As you navigate through the current economic downturn and try to make adjustments to your business, the contractual terms of your agreements with suppliers, vendors, and customers become very important. Many contracts contain force majeure clauses which can sometimes be invoked to excuse your performance of a contractual obligation. Even without a force majeure clause, there are other defenses that can be used to justify a failure to perform under a contract. Whether or not these issues apply to your business will depend on the specific facts of your situation.
The current COVID-19 pandemic crisis is only the latest natural disaster to disrupt business and the contracts that underlie our business agreements. Whenever business disruptions occur, parties will often turn to the documents they have executed to see whether they provide any relief that excuses their failure to perform as a result of an unplanned event.

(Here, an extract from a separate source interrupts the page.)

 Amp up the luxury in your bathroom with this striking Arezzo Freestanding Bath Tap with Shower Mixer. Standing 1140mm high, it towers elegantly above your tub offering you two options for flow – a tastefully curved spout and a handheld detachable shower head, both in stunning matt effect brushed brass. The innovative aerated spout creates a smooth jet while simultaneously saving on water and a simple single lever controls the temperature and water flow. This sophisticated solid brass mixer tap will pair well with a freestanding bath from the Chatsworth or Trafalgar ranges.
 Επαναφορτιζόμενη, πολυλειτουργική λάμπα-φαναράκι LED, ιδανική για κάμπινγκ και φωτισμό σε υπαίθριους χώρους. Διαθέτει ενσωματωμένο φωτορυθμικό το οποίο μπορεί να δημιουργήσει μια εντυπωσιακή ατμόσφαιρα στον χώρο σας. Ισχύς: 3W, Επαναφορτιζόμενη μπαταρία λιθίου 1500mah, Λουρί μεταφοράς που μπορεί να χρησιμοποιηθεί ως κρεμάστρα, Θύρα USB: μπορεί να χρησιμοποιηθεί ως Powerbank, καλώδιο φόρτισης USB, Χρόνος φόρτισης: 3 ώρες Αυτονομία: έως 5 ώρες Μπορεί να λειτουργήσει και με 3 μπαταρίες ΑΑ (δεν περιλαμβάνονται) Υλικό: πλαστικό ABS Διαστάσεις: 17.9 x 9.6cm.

“Force majeure,” one such form of relief, is a legal term that translates from French as “superior force.” The term, common in modern contracts, doesn’t actually have a recognized meaning under English law, but Black’s Law Dictionary defines it as “an event or effect that can be neither anticipated nor controlled.”
Inclusion of a force majeure clause in a contract attempts to allocate risk between the parties of an unforeseen event affecting the ability of either party to perform. If such an event occurs and the parties have agreed to a force majeure provision, the non-performing party is not in breach of the contract, and the other party cannot collect damages as a result. You should consider engaging a qualified attorney to review the specifics of your situation to determine whether you can claim or dispute the existence of a force majeure under your contract.
Even without a force majeure clause, parties can claim other defenses for their inability to perform. Under the doctrine of impossibility of performance, a party can claim that unforeseen consequences rendered performance under the contract impossible. Under common law, impossibility cannot be claimed merely because performance will be difficult or excessively expensive. In this case, determining the difference between “impossible” and “inconvenient” can lead to litigation.